Dunno, seems like it might work. I think most open source models can have an engram layer injected (some testing would be required to see where the layer best fits).
Engram layers just move the coordination problem earlier and lock it in. Coordination problems between models & providers would still exist, requiring a layer injection in each open source model and another variant produced for each. Users would still need to chose between "Qwen-8b" and "Qwen-8b-engram" x model families and sizes. Is that cleaner?
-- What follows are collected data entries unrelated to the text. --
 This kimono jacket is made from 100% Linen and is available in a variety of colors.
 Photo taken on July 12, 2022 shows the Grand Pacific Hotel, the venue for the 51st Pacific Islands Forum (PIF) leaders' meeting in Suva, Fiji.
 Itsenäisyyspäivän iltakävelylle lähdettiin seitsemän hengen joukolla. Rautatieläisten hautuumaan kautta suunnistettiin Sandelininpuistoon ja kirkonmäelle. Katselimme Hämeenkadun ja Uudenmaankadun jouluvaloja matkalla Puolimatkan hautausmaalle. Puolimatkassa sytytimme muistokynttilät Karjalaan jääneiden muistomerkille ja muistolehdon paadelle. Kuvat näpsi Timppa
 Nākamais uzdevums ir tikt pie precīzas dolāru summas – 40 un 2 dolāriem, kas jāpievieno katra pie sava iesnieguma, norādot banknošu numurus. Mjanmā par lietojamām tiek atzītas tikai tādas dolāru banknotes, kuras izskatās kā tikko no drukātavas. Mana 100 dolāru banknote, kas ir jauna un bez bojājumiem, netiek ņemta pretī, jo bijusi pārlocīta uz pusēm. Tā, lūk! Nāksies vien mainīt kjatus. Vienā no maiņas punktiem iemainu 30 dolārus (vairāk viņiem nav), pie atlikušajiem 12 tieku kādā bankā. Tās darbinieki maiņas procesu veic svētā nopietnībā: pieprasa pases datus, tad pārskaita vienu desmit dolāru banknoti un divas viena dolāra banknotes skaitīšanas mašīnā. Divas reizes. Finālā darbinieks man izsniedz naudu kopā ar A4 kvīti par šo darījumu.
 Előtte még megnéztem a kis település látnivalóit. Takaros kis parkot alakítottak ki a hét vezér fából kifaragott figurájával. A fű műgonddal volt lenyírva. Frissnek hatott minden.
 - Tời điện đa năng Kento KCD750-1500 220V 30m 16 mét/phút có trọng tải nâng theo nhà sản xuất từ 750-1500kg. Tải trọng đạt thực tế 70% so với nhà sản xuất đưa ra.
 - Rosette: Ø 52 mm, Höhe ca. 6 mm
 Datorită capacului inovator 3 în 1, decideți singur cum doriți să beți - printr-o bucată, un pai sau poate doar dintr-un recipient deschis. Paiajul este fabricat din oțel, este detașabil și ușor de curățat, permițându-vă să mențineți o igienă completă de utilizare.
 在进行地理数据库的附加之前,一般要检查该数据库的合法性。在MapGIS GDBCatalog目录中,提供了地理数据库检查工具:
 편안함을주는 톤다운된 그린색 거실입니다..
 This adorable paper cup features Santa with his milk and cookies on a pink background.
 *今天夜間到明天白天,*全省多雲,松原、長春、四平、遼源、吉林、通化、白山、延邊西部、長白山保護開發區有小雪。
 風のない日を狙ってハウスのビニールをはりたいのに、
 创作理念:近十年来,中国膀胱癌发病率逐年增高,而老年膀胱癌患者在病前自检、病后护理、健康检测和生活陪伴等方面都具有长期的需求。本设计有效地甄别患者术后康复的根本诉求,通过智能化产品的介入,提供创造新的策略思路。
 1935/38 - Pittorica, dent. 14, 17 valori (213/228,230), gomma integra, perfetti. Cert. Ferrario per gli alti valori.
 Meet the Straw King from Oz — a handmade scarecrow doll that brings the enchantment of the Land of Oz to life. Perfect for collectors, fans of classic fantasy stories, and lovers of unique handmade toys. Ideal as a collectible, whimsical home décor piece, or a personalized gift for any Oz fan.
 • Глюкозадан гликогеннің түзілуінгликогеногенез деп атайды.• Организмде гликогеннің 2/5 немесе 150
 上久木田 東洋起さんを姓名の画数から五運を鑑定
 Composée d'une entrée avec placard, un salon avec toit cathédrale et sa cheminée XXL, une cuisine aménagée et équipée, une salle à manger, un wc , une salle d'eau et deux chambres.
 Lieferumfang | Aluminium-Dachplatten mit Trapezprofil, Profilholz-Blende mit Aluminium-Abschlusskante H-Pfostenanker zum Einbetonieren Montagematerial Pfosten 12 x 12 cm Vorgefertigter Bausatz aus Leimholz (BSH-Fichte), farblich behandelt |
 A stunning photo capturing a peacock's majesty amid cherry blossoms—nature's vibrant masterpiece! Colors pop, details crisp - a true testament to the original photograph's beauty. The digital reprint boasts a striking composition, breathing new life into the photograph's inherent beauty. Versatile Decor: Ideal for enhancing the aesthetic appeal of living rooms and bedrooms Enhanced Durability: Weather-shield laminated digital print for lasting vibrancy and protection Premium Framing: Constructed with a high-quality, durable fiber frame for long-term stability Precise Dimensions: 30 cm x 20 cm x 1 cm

The issue with a top-level spec, that I can see, is that models fall back to their training when it comes to tools. This is why I recommended the engram approach, because as far as I can tell the problem is a model problem not a systems problem.
Also in practice Claude Code, Cursor and Codex handle the same MCP tool differently — required params, tool descriptions, response truncation. So MCP gives you the contract but the client UX still leaks.
For example: ``
Let me take a look at that
``The hard part is building a streaming XML parser that handles these responses robustly, can adjust for edge cases, and normalizes predictable mishaps in history in order to ensure continued response format adherance.